NOTE: THIS IS WITHOUT USING INDEXES
1. We are trying to get the first name from the employee table where the social security number is 666
2. The search will begin at #1 (the database system iterates through the blocks sequentially ), we will get the first block, and in our example there are only 2 rows (there can be many but just to keep it simple we have 2)
3. We learn that there is no ssn number that matches 666 so we move on to the second block. In the second block we learn that there is also nothing matching the ssn and so we move to the third block
4. In the third block we have found the matching ssn. Now we have to retreieve the name since that's what we are trying to get. Note: We dont have to do any extra reading because like we mentioned before, when we read a block, we get all of the rows and columns, and in this case we have obtained the name already. Note 2: When we pulled that block it gets stored to memory/ram
COLUMN ORIENTED DATABASE:
1. Tables are stored as columns first in the disk.

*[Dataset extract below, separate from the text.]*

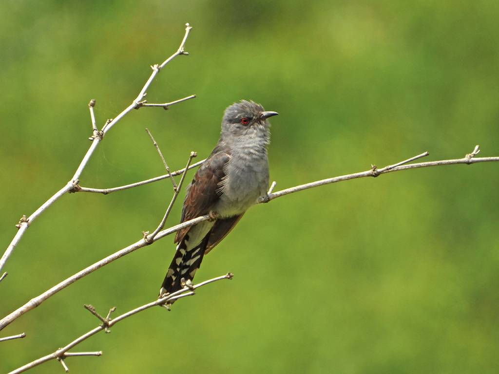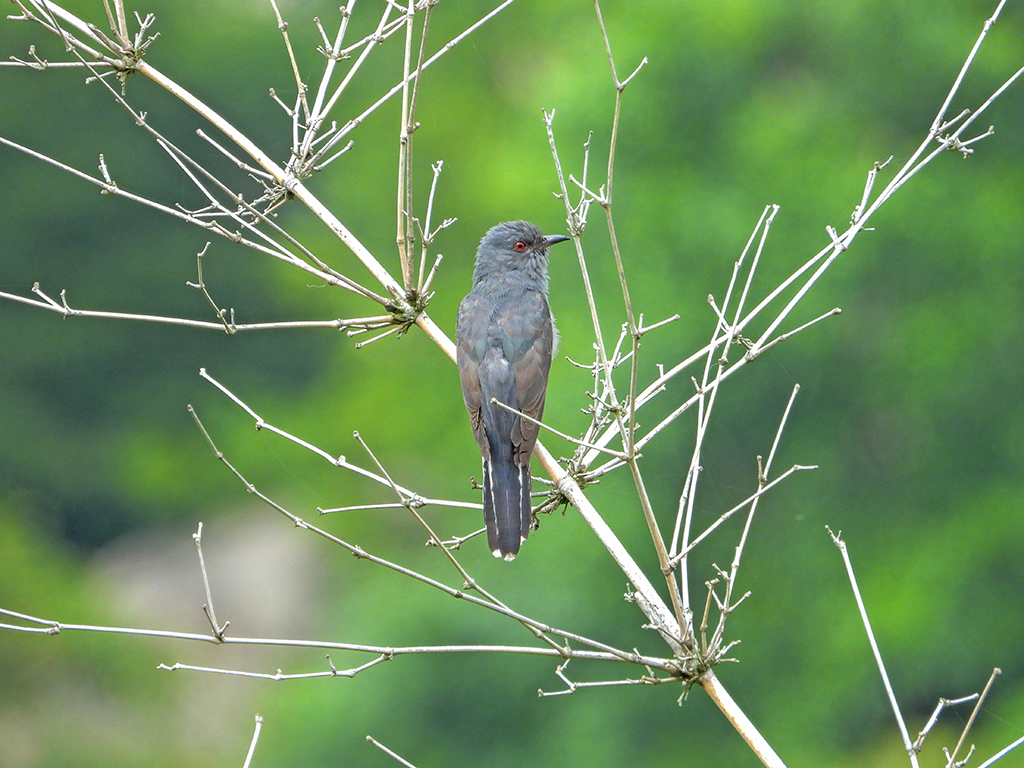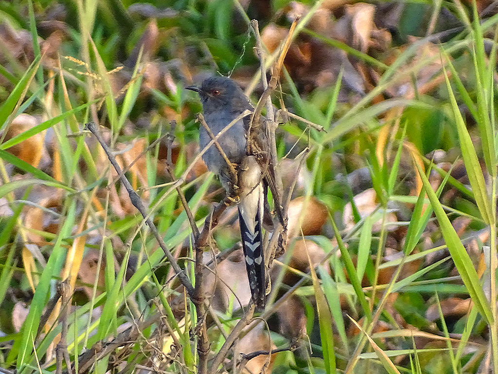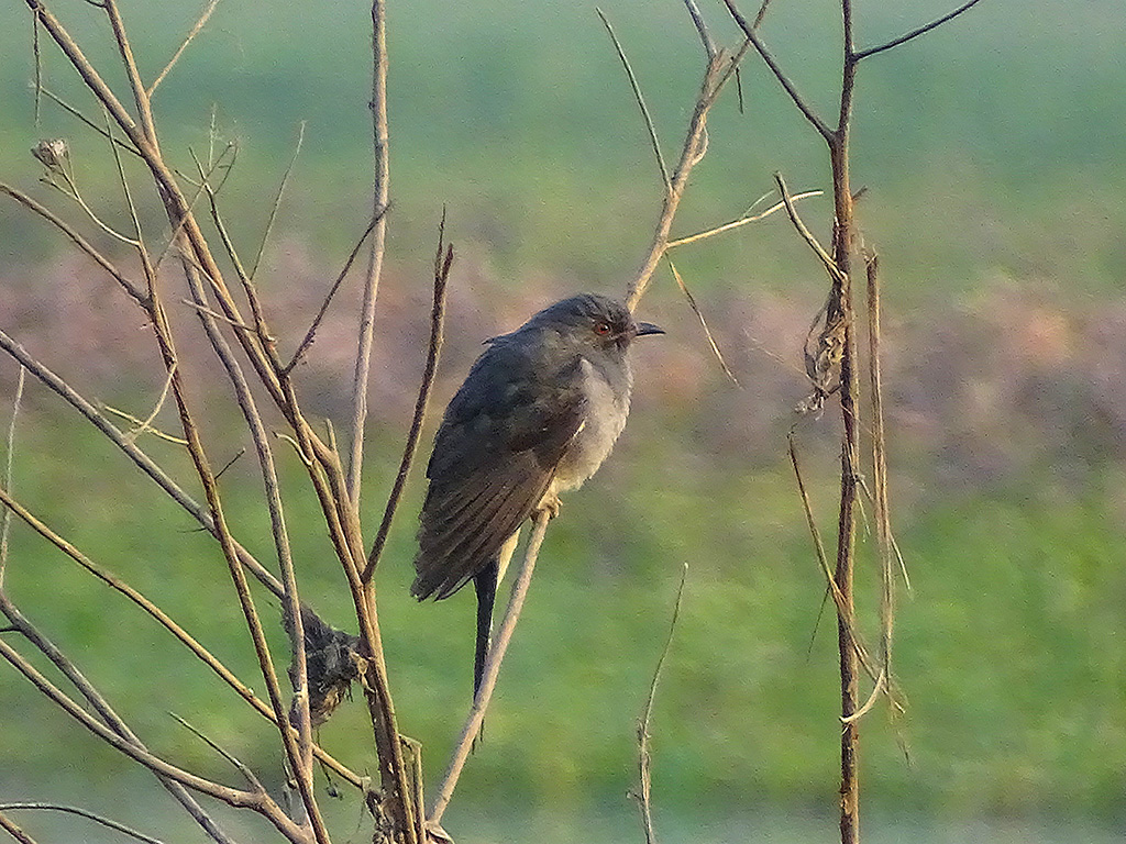 A very common cuckoo is found throughout Karnataka, but I am unfortunate not to encounter it very frequently. I mean, I could have had more records than I currently do. Anyway, it is a beautiful, greyish male bird with red eyes, mostly found in hilly jungles or near lakes because it primarily feeds on caterpillars found in such areas. It is usually identified by its distinct and loud calls echoing through its habitat.

2. in this example, all of the different IDS are stored in a block, and in another block all the different names are stored in one block, then state, etc....
Lets say we wanted to delete Juan. Well since Juans data is located in many blocks (first name, last name, id, state, etc), we now have to go through all the blocks containing Juans information to be able to delete. As you can see this is very inefficient compared to the row based because in row we would have all of Juans data in one block, and in column based we have his data scattered in different blocks.
3. A single block io read to the table retreives multiple columns with all matching rows
4.only the specific columns needed for the query are retrieved, rather than entire rows. This can lead to significant performance improvements, especially for analytical queries and aggregate operations (e.g obtaining the average age of all people)
5. less efficient for inserting new data and deleting
6. column-oriented databases are optimized for analytical workloads
7. Compression algorithms work best on Column based
1. If we delete delete a row for example 1004, now we have to delete it in evey block. This is why its not efficient at deleting or inserting.
2. Now lets say we want to sum all salaries, it would only take one read. This is great!